Last updated: July 16, 2025

Introduction

Amodiaquine Hydrochloride, a derivative of 4-aminoquinoline, serves as a critical antimalarial agent, primarily targeting Plasmodium falciparum, the most lethal malaria parasite. First introduced in the 1940s, this drug has maintained relevance in regions with high malaria prevalence, often in combination therapies like artesunate-amodiaquine. Its mechanism involves interfering with the parasite's heme detoxification process, leading to its accumulation and subsequent death. Beyond malaria, emerging research explores its potential in treating autoimmune conditions and viral infections, such as COVID-19 [1]. This article examines the latest clinical trials, current market dynamics, and future projections for Amodiaquine Hydrochloride, providing actionable insights for pharmaceutical stakeholders, investors, and healthcare providers.

Clinical Trials Update

Recent clinical trials for Amodiaquine Hydrochloride reflect ongoing efforts to optimize its efficacy, safety, and expanded applications amid evolving global health challenges. As of 2023, the World Health Organization (WHO) reports over 20 active or recently completed trials, predominantly in sub-Saharan Africa and Southeast Asia, where malaria incidence remains high [2].

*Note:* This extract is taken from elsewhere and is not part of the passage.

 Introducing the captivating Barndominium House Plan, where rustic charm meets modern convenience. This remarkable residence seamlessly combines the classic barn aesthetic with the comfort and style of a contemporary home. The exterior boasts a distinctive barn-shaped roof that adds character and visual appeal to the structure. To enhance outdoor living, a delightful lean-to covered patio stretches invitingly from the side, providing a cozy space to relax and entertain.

Key updates include a Phase III trial conducted by the Drugs for Neglected Diseases Initiative (DNDi), which evaluated artesunate-amodiaquine for uncomplicated malaria in children under five. Results, published in 2022, demonstrated a 95% cure rate at day 28, with minimal adverse events such as gastrointestinal disturbances [3]. This trial, registered on ClinicalTrials.gov (NCT04004965), underscores Amodiaquine's role in pediatric populations, where resistance to other antimalarials like chloroquine has surged.

Beyond malaria, investigators are exploring repurposing opportunities. A Phase II study at the University of Oxford assessed Amodiaquine's antiviral properties against SARS-CoV-2, revealing moderate efficacy in reducing viral load when combined with other agents, though it did not meet primary endpoints for symptom resolution [4]. This trial (NCT04323134) highlights potential off-label uses, with data suggesting immunomodulatory effects that could benefit autoimmune disorders like rheumatoid arthritis.

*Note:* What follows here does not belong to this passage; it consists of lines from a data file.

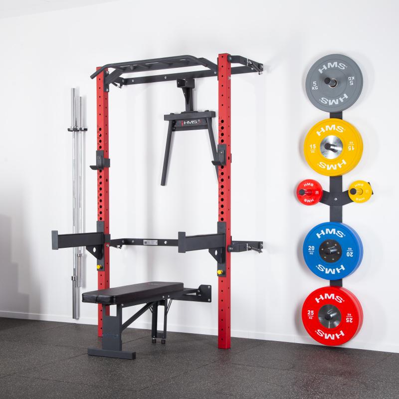 Skládací posilovací stojan - Power Rack KLT22 od společnosti HMS byla navržen tak, aby odpovídal současným trendům na trhu a splňoval očekávání nejnáročnějších zákazníků. Rack v této variantě se prodává s dalším vybavením. Kromě hrazdy, háků na činky a bezpečnostních podpěr zde najdete skládací rovnou lavici, adaptér na dipy, nástěnný stojan na činky a držák na osy. Taková sada rozšíří vaše tréninkové možnosti a poskytne vám nové úložné prostory pro vaše vybavení.
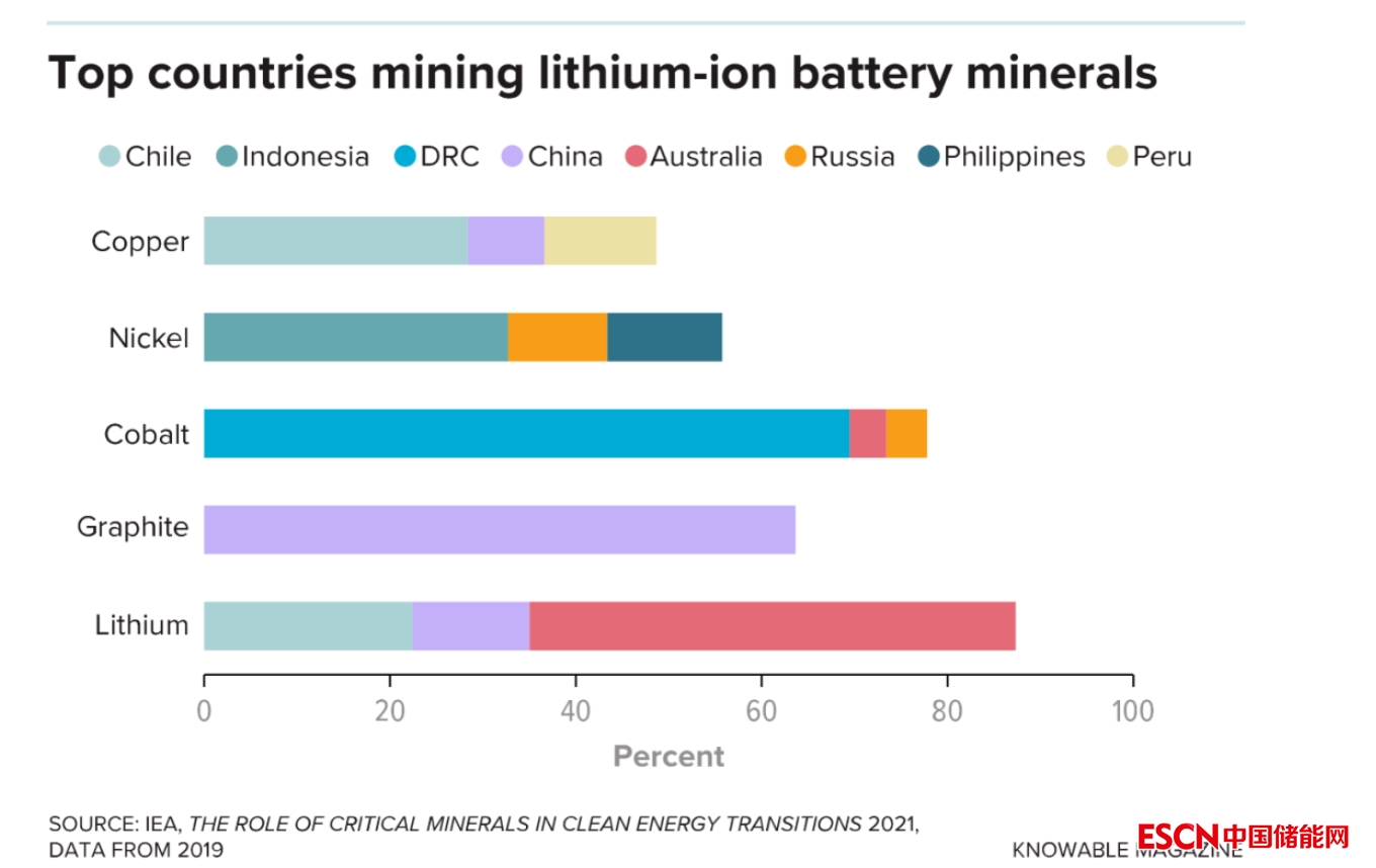 所有這些金屬都必須提取出來(lái),而且僅靠回收還不能滿足市場(chǎng)需求。盡管美國(guó)有很多銅礦(并從廢品回收中獲得相當(dāng)大一部分銅),但鋰離子電池中幾乎所有的其他金屬都來(lái)自其他國(guó)家的礦區(qū)。全球80%以上的鋰來(lái)自智利、澳大利亞和中國(guó),而60%以上的鈷來(lái)自剛果民主共和國(guó)。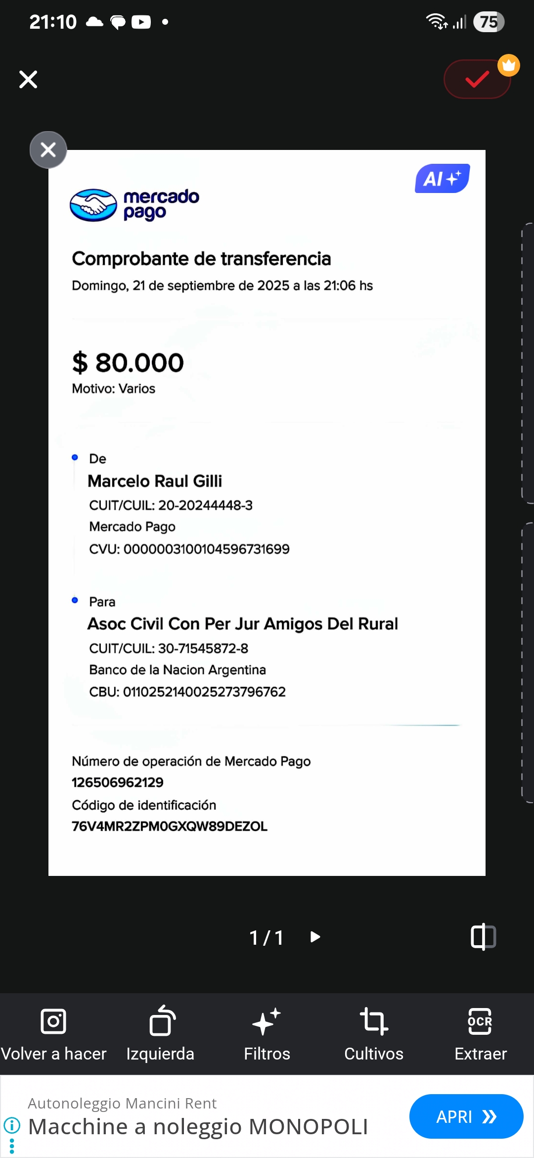 | Gillimarcelo@hotmai.com | ********** | DNI | 20244448 | Marcelo gilli | 12/02/1969 | 56 | Masculino | Revoluciom de los 7 jefes 688 | Sa pereira | 3011 | Ssnta fe | gillimarcelo@hotmail.com | +543404519084 | HOMBRES - Master C2- Años: 1970-1969-1968-1967-1966 | Hasta el 27 de septiembre de 2025 distancia 75K $80,000 | | Screenshot_20250921_211026_All-PDF-Reader.jpg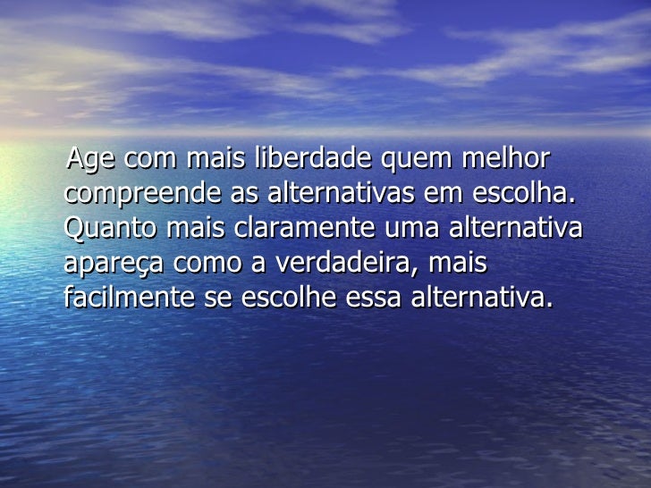 7. 7. <ul><li>Age com mais liberdade quem melhor compreende as alternativas em escolha. Quanto mais claramente uma alternativa apareça como a verdadeira, mais facilmente se escolhe essa alternativa. </li></ul>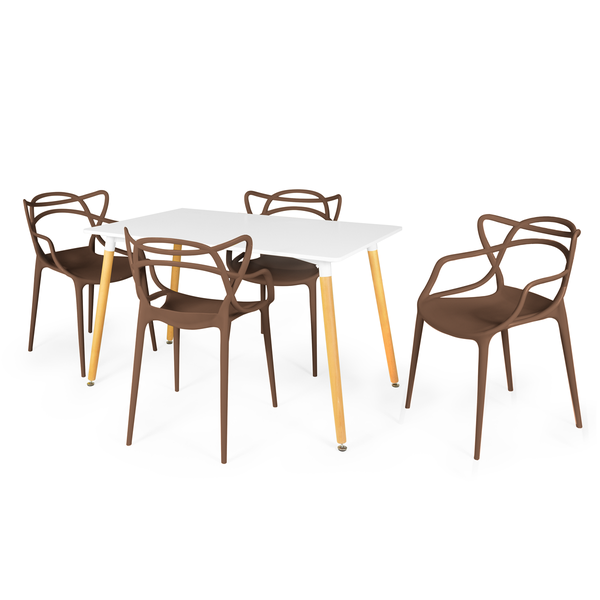 Conjunto Mesa de Jantar Retangular Eiffel Branca 120x80cm com 4 Cadeiras Allegra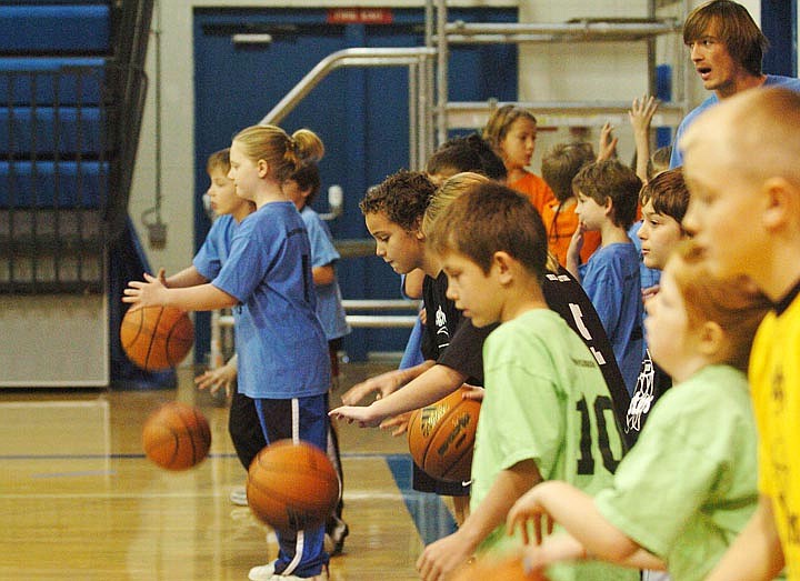 guiding the young athletes. Bigfork High School head girls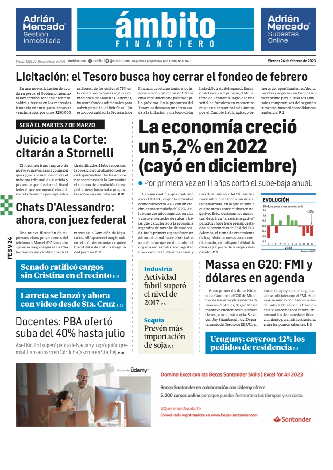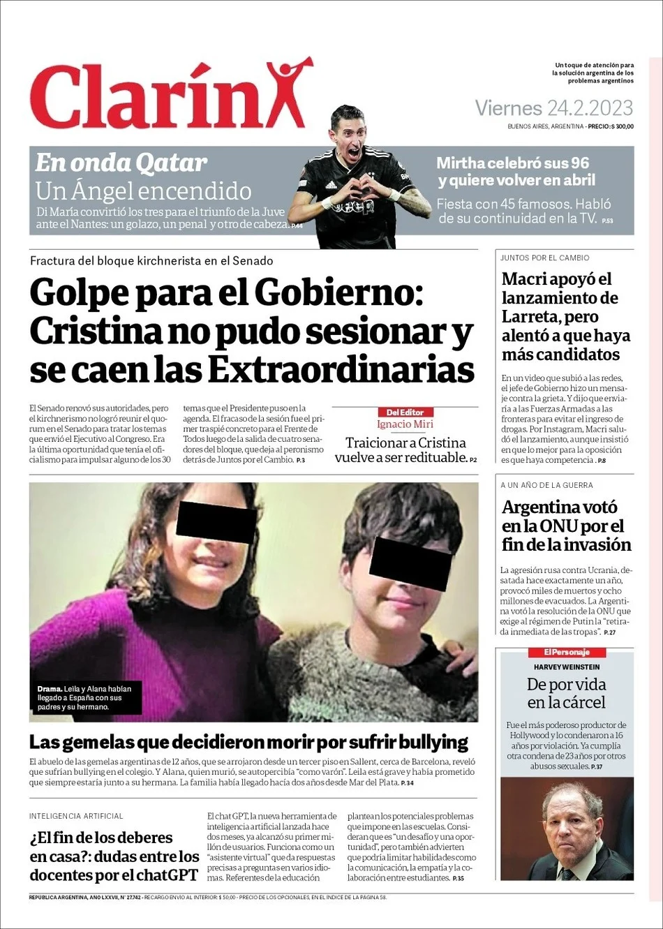 Portadas de diarios nacionales | Viernes 24 de febrero

Challenges persist, including reports of rare hepatotoxicity and agranulocytosis, as noted in a 2023 meta-analysis by the Cochrane Collaboration [5]. Ongoing trials aim to mitigate these through dose optimization; for instance, a Phase I study in Ghana (NCT05144279) tests lower doses for intermittent preventive treatment in pregnancy, showing promising safety profiles without compromising efficacy.

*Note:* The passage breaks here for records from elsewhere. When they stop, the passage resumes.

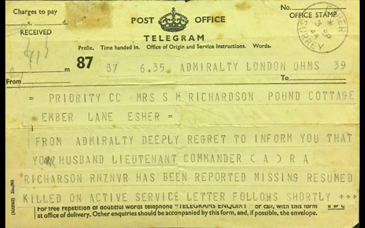 “Mijn oma heeft heel veel verteld over mijn opa”, meldt kapitein-luitenant ter zee (commander) Philip Richardson per videoverbinding vanaf het kanaaleiland Jersey. Het verhaal van opa Ron inspireert Philip om dienst te nemen bij de marine. “Dat legde wel druk op me, eerlijk gezegd. Maar ik heb een geweldige tijd gehad als helikoptervlieger op de Westland Lynx en ben uiteindelijk ook squadron leader geworden.”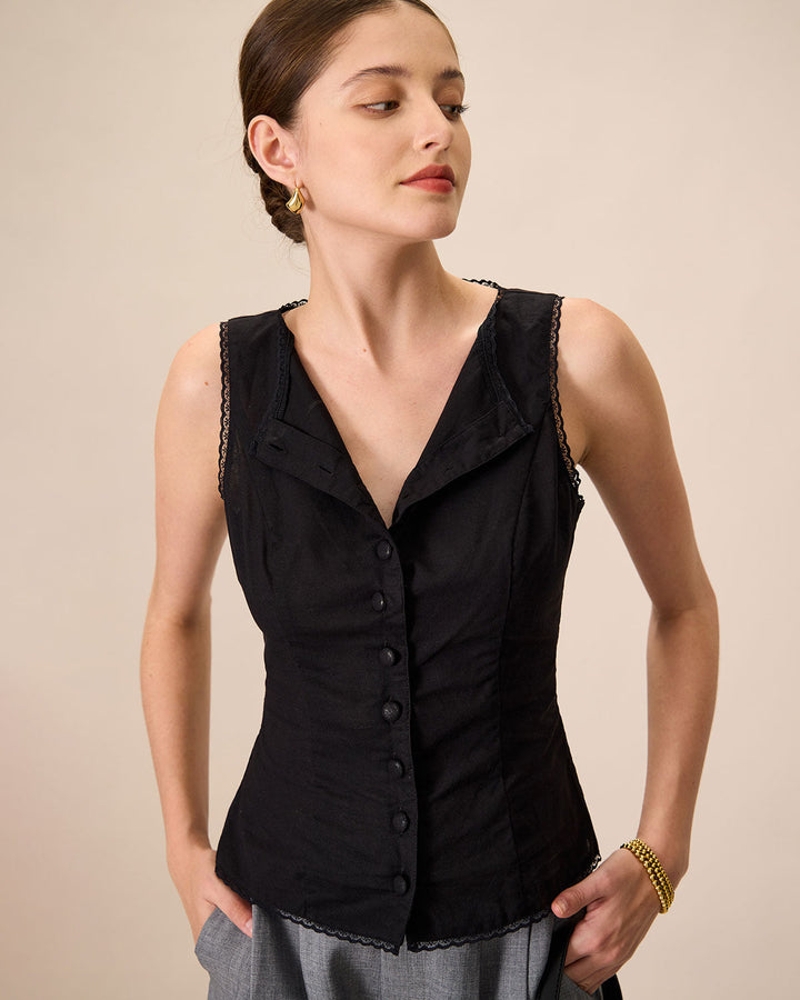Bir gardırop vazgeçilmezi olan bu siyah pamuk keten biberon, katmanlama için mükemmel ve tek parça olarak da giyilebilen şık bir zarafet sunar.
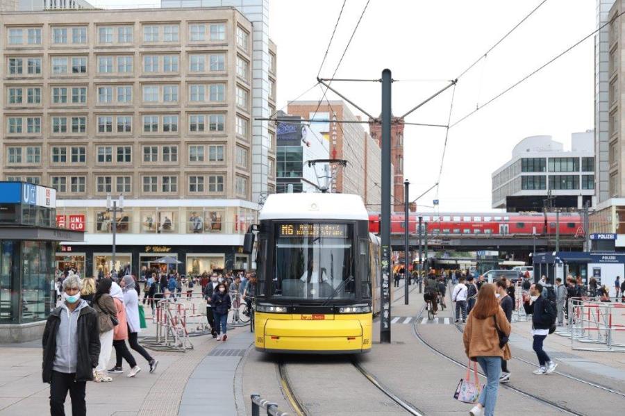 A Berlin, la rame 8006 F8E11 Bombardier unidirectionnelle, opérant sur la ligne M6 en direction du terminus « Hellersdorf Riesaer Strasse », est photographiée à l’approche de la station « U-Bahnhof Alexanderplatz » commune aux lignes M4, M5 et M6, le samedi 23 mai 2020, un jour de mesures assouplies en lien avec la pandémie de coronavirus Covid-19. Copyright : Urban Transport Magazine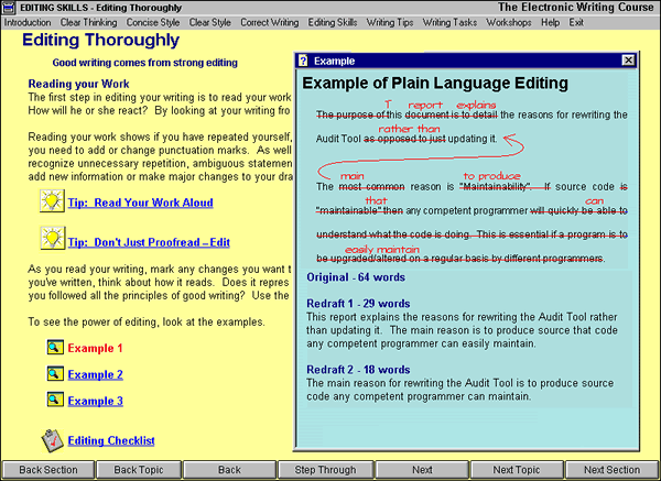 As you work your way through the Writing Course and the exercises, your writing and editing skills will improve. Eventually, you will move on to editing dozens of writing faults in the Editing Skills Section of the Course.

Regulatory bodies, such as the European Medicines Agency (EMA), have fast-tracked reviews for combination formulations, driven by the urgent need for affordable malaria therapies. As of mid-2023, two trials in India focus on generic bioequivalence, potentially expanding access in low-income markets [6]. Overall, these developments position Amodiaquine Hydrochloride as a versatile candidate, with trial data informing global treatment guidelines.

Current Market Analysis

The global market for Amodiaquine Hydrochloride, valued at approximately $150 million in 2023, operates within the broader antimalarial sector, projected by Grand View Research to reach $1.2 billion by 2028 [7]. As a generic drug, it faces commoditization, with major players including Sanofi, Novartis, and generic manufacturers in India and China dominating supply chains. In 2022, Sanofi reported sales of over 50 million treatment courses, primarily through subsidized programs in endemic regions [8].

Market dynamics hinge on regional demand, with sub-Saharan Africa accounting for 80% of consumption, driven by high malaria burdens and WHO-endorsed policies [9]. Pricing remains competitive, with a standard adult course costing $0.50–$1.00, making it accessible for public health initiatives. However, supply chain disruptions, exacerbated by the COVID-19 pandemic, led to a 15% price surge in 2021, according to IQVIA data [10].

Competitive pressures arise from newer agents like artemisinin-based combination therapies (ACTs), which captured 70% of the market share in 2023 [7]. Amodiaquine differentiates through its low cost and established safety in combination regimens, but patent expirations since the 1990s have eroded exclusivity. Generic penetration reached 90% in emerging markets, with companies like Cipla and Mylan expanding production to meet WHO's Global Technical Strategy for Malaria 2016–2030 [11].

Regulatory scrutiny intensifies market entry, with the U.S. Food and Drug Administration (FDA) requiring rigorous bioequivalence studies for imports, limiting U.S. market presence. In contrast, the African Medicines Agency has streamlined approvals, fostering growth in local manufacturing. Stakeholder collaborations, such as the Medicines for Malaria Venture, enhance market stability by funding R&D for fixed-dose combinations, potentially boosting Amodiaquine's adoption [12].

Overall, the current market exhibits resilience amid economic volatility, with growth tied to public health funding and epidemic preparedness.

Market Projections

Looking ahead, the market for Amodiaquine Hydrochloride is poised for moderate growth, with projections estimating a compound annual growth rate (CAGR) of 4.5% through 2030, reaching $200 million globally [13]. This expansion stems from increasing malaria cases—estimated at 247 million in 2021 by WHO—and the drug's potential in non-malarial applications [14].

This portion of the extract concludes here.